六 終末の竜



 湖まであと少しという距離まで来たところで、馬達が一歩も前へ進まなくなった。人間にはわからない何かを感じ取っているのか、怯えたように耳を倒し、首を振ってリードの指示に抵抗する。


「どうする? 放す?」

「……そうだな」


 少し前に野生の馬の群れを見かけたのを思い出し、ヴァトとシュアンもそこへ混ざれないかどうか思案する。人里で良い餌を与えられて育った彼らは野生の個体より一回り体が大きく、それがうまく受け入れられるのか、反対に怯えられる一因になるのか、判断がつかない。

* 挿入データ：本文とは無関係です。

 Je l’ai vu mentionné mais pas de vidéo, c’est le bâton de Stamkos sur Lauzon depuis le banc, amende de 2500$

「群れでのちゃんとした振る舞いを知らないからねえ、どうだろう」

「試しに引き合わせてみるか」


 元来た道を引き返して、距離をとって様子を伺っている馬達が見えるところで、二頭の馬具を外してやる。彼らは少し戸惑った様子を見せながらも、野生の同胞が気になるようで、おずおずと近寄っていった。同じ動物だからか群れも逃げ出すことなく、互いに鼻を近づけて匂いを確かめている。


「あ、いい感じじゃん。良かったね、行こ行こ」

「おい……まだわからないだろう。もう少し見守ってから」

「見守った末に馴染めなかったからって連れて行けるわけでもなし、いいじゃないこれで」

「お前な……」

「もう少し合理的に生きなよ、リードもさ」

「合理性さえあれば何でも許されると思うなよ」


 ちらちらと振り返りながら歩き出す。まだ湖こそ見えないが、この距離なら徒歩でも半日あれば着くだろう。

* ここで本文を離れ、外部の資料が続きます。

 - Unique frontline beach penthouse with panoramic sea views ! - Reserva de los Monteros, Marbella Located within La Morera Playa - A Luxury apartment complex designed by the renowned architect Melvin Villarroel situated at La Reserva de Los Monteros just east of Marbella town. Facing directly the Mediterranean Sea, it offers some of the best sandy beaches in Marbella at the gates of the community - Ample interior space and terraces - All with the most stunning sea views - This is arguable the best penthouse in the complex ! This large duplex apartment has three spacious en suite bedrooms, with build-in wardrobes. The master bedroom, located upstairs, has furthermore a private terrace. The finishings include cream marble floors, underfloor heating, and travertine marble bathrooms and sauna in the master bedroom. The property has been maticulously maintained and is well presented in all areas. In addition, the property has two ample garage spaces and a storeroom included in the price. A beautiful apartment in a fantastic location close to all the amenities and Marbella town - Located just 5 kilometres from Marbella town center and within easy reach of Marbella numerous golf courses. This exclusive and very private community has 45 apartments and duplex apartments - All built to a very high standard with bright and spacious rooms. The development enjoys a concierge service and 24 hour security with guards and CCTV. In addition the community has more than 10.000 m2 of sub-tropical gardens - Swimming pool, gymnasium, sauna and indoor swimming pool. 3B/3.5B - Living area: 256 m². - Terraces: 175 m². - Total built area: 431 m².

「それにしても、ファゲルの姿が見えないね。山くらい大きいって話は誇張なのかな?」

「……どうだろうな」


 楽しそうに歩くユーンは、何の恐怖も感じていないように見える。一息で国一つ溶かすと言われている存在が目前に迫っているのにだ。既に、ファゲルがくしゃみでもすれば吹き飛ぶ距離だ。

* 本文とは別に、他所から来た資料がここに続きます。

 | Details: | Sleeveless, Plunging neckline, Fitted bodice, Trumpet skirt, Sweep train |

「いや、本当に山くらい大きい生き物なら、人間の一人や二人近づいたところで警戒もしないと思うよ。『災厄』の時は馬鹿みたいに兵器で攻撃したからこうなったんだろう? 僕らが少し見物して帰るくらい平気さ」

「しかし、聖剣で斬りかかればそうもいかないだろう。お前は姿を見たら速やかに離れるんだ。三日待って、俺は攻撃を始める」

「……もしかして君、まだ本気でファゲルを倒そうとしてるわけ? ファゲルはもう四年もあの場所で大人しくしてるのに? 君を生贄にした国王に立てる義理もないし、放っておけばいいじゃん」


 久しぶりに向けられた嘲笑を少し可笑しく思いながら、リードはしかし首を振った。


「脅威があのファゲル一頭ならば、そうかもしれない。百年経てば寿命も尽きるやもしれんし、人々もそこに竜がいることに慣れるだろう……しかしかの邪竜が空を割って現れた、そのことわりがわからない以上、二頭目三頭目が現れる可能性は十分にある。その時に……聖剣が対抗し得る武器であるかどうか、確かめておく必要があると俺は思う」

「君が実験台になるってこと?」

「有り体に言えば」

「……へえ、いいね」


 髪の隙間から覗く瞳がにこりと細められた。ユーンの足取りが更に楽しげに軽くなる。


「そういうつもりだったなら、初めからそう言ってくれればいいのに! 君のこと、単なる無意味な自己犠牲の馬鹿だと思っちゃったじゃない。命懸けの検証、痺れるじゃないか。僕も見に行こうっと」

「おい、馬鹿なこと――」

「野暮言わないでよ、友達だろう?」


 彼の場合、その言葉が言葉通り「面白そうな実験を自分にも見せろ」という意味なのはリードにもはっきりわかっていた。しかし、救われた気がした。自分の生き様を肯定されて、それに寄り添ってくれると、そう言われた気がしてしまった。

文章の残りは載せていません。